Extracted data
=====
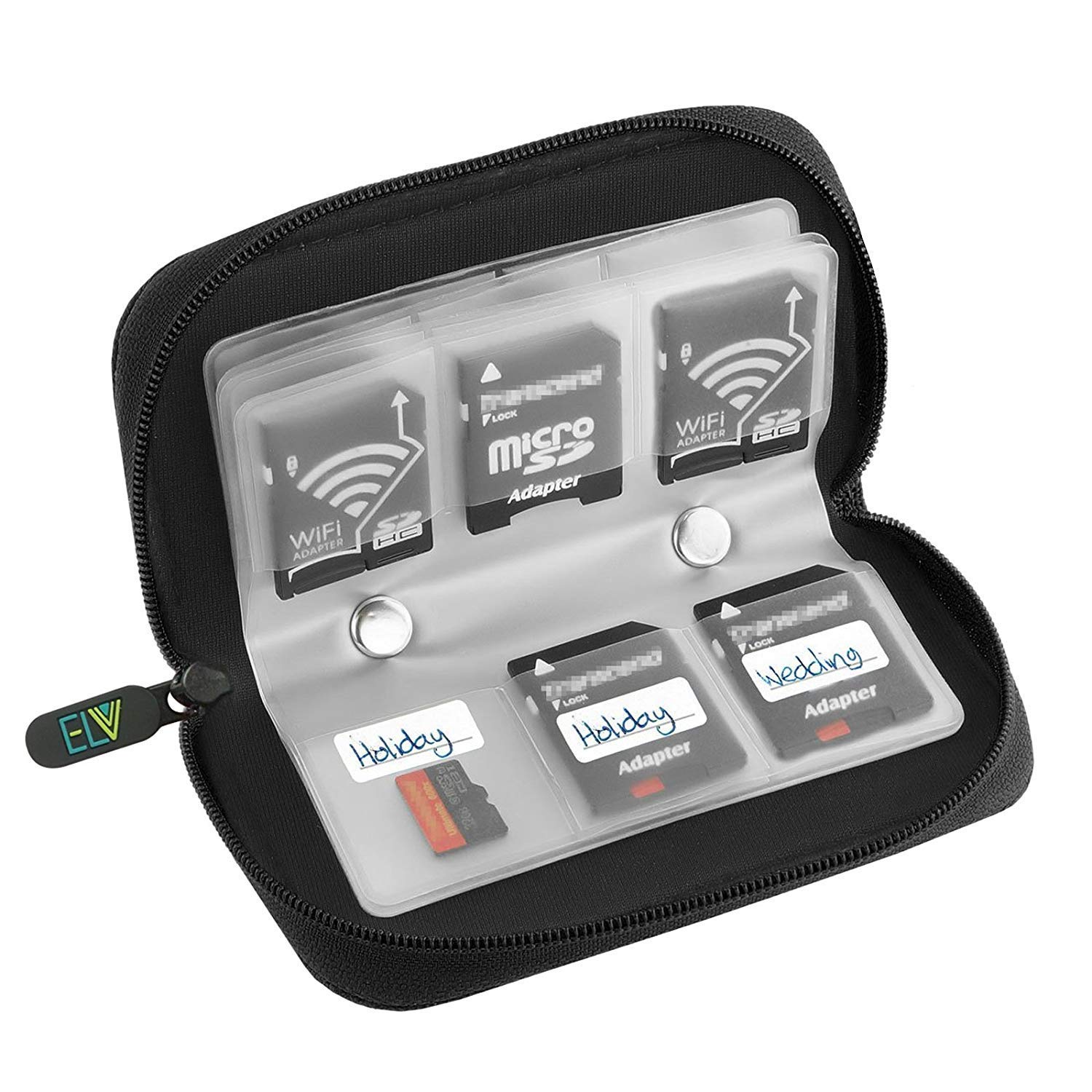 Elv 22 Slots Wallet for SDHC and Micro SD Cards, Jet Black
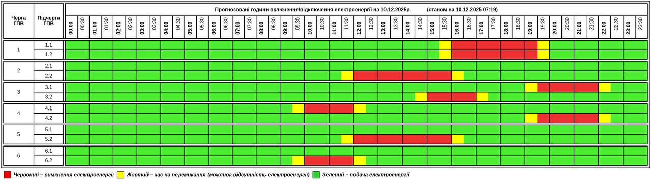 ⏰Згідно вказівки НЕК “Укренерго” 10.12.2025 на території Тернопільської області діятиме Графік погодинних відключень (ГПВ).
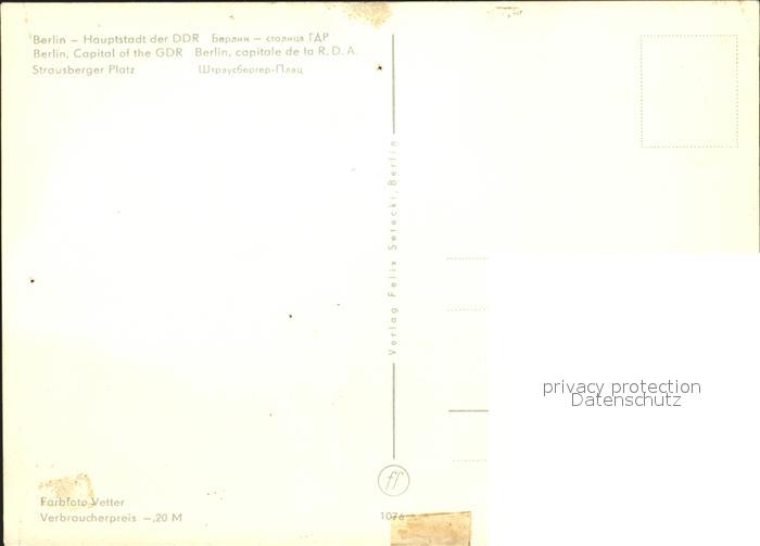 72001961 BERLIN CITY Strausberger Platz postalisch nicht gelaufen Erhaltung siehe scans KatCode: 11110011000000
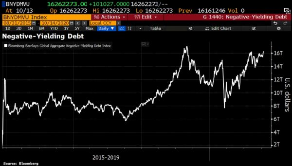 首先,从债券市场来看,截至2020年底,仍然有16万亿的钱分布在负收益资产上。
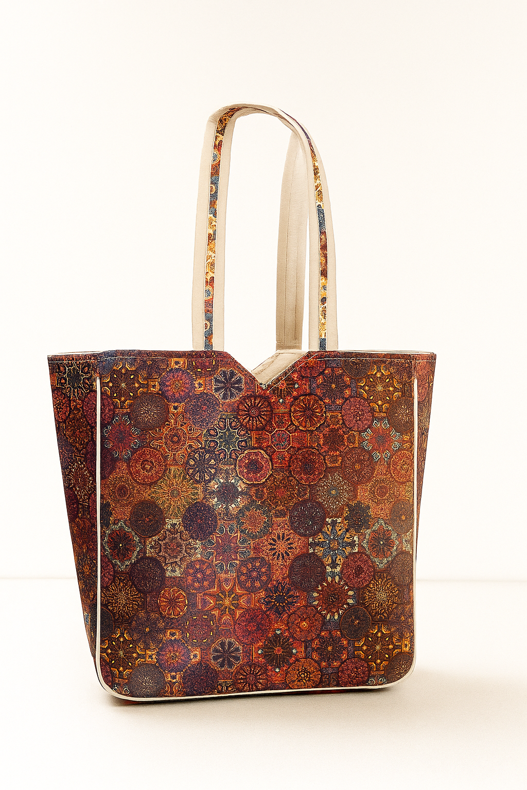 Silk Multi-Color Printed Tote Bag for Women | Ethnic Handcrafted Shoulder Bag | Lightweight Shopping & Casual Carry Bag
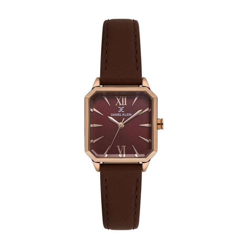 Дамски часовник Daniel Klein от колекцията Premium. Аналогов дисплей с изчистен дизайн. Метален корпус в комбинация с тъмночеревна каишка от естествена кожа. Стъкло минерал-кристал. Задвижва се от кварцов механизъм VJ21C1. Водоустойчивост 3 ATM - допускат се леки пръски, не се препоръчва обилно мокрене.
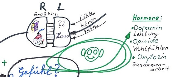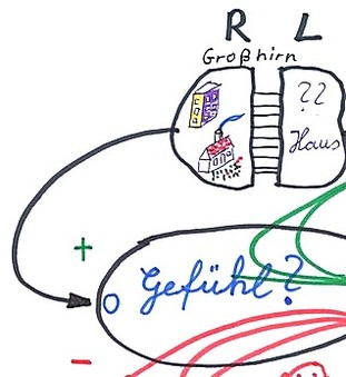 Nachdem aus dem gesprochenen Wort in der linken Gehirnhälfte ein Bild abgerufen wurde, wird nun im “Mittelhirn“ ein Gefühl hinzugefügt.
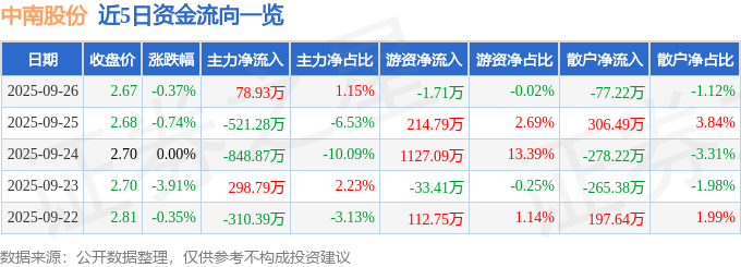 证券之星消息,截至2025年9月26日收盘,中南股份(000717)报收于2.67元,下跌0.37%,换手率1.06%,成交量25.61万手,成交额6874.37万元。
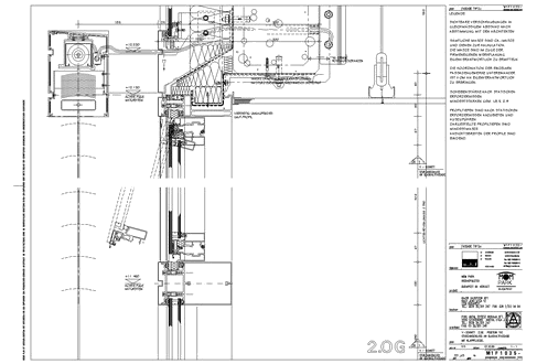 MOM Park Leitdetail: V- Schnitt Sturzanschluss an Glaskaltfassade mit Klappflügel
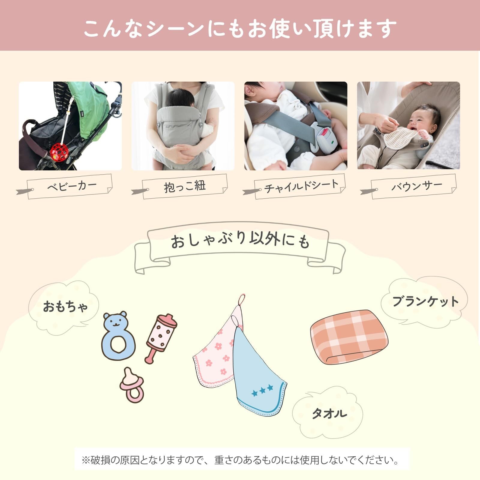 「クリップタイプのストラップが付いており、おしゃぶりが落下してしまう心配がありません。外出時でも安心して使用できるアイテムです!」
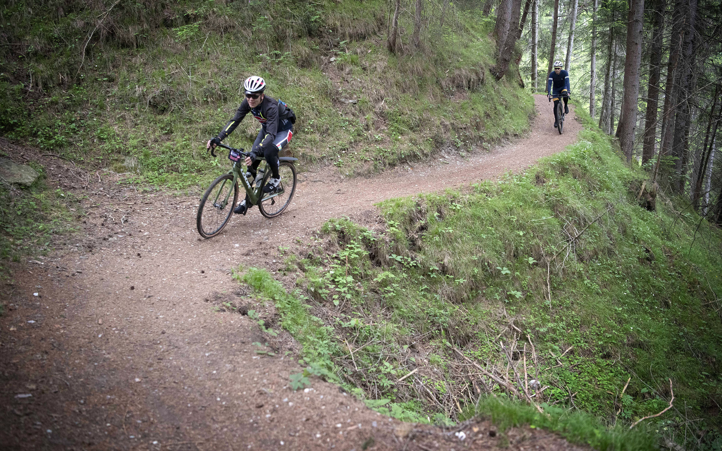 In mijn groepje doe ik een kennismakingsbabbelrondje. Wat ik daarbij hoor wordt later op de dag, als we een stukkie singetrack en een alpenweide afdalen, bevestigd: de deelnemers komen allemaal vanuit de wegfietswereld. Mijn fietsmakker én fotograaf van dienst Ruben en ik zijn de enige mountainbikers. Sommigen gravelen zelfs pas sinds een paar weken. Deze off road-ervaring moet voor hen nog wel extra bijzonder zijn!
=====
Exercise details
Although pictures appear among the entries, please set down only the lines from the one with "Дамски часовник Daniel" up to and including the one with "证券之星消息,截至2025年", word for word.

Task response
 Дамски часовник Daniel Klein от колекцията Premium. Аналогов дисплей с изчистен дизайн. Метален корпус в комбинация с тъмночеревна каишка от естествена кожа. Стъкло минерал-кристал. Задвижва се от кварцов механизъм VJ21C1. Водоустойчивост 3 ATM - допускат се леки пръски, не се препоръчва обилно мокрене.
 Nachdem aus dem gesprochenen Wort in der linken Gehirnhälfte ein Bild abgerufen wurde, wird nun im “Mittelhirn“ ein Gefühl hinzugefügt.
 证券之星消息,截至2025年9月26日收盘,中南股份(000717)报收于2.67元,下跌0.37%,换手率1.06%,成交量25.61万手,成交额6874.37万元。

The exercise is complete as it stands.